• **Aim of the task**
Below are entries; output exactly the lines from the one with "Da entdeckte ich" to the one with "Träger V-Ausschnitt Korsett", both included, and nothing else.

___ Data shown

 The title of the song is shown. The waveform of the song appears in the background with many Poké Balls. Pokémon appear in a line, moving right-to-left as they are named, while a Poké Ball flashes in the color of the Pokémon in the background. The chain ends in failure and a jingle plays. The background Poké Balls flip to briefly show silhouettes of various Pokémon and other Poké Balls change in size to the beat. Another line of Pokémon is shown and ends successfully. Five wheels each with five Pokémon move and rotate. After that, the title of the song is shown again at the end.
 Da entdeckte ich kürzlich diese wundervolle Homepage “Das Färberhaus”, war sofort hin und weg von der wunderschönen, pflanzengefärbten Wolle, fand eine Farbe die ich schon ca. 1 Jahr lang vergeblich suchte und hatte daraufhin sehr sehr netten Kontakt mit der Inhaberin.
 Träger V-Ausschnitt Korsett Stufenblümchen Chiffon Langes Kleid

______
___ Data shown

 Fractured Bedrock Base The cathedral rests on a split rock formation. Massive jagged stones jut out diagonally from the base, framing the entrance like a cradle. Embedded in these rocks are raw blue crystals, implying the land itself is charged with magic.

______
___ Data shown

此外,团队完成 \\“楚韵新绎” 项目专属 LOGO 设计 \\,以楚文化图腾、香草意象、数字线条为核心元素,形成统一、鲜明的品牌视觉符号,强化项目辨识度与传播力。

______

• **Output of the exercise**
 Da entdeckte ich kürzlich diese wundervolle Homepage “Das Färberhaus”, war sofort hin und weg von der wunderschönen, pflanzengefärbten Wolle, fand eine Farbe die ich schon ca. 1 Jahr lang vergeblich suchte und hatte daraufhin sehr sehr netten Kontakt mit der Inhaberin.
 Träger V-Ausschnitt Korsett Stufenblümchen Chiffon Langes Kleid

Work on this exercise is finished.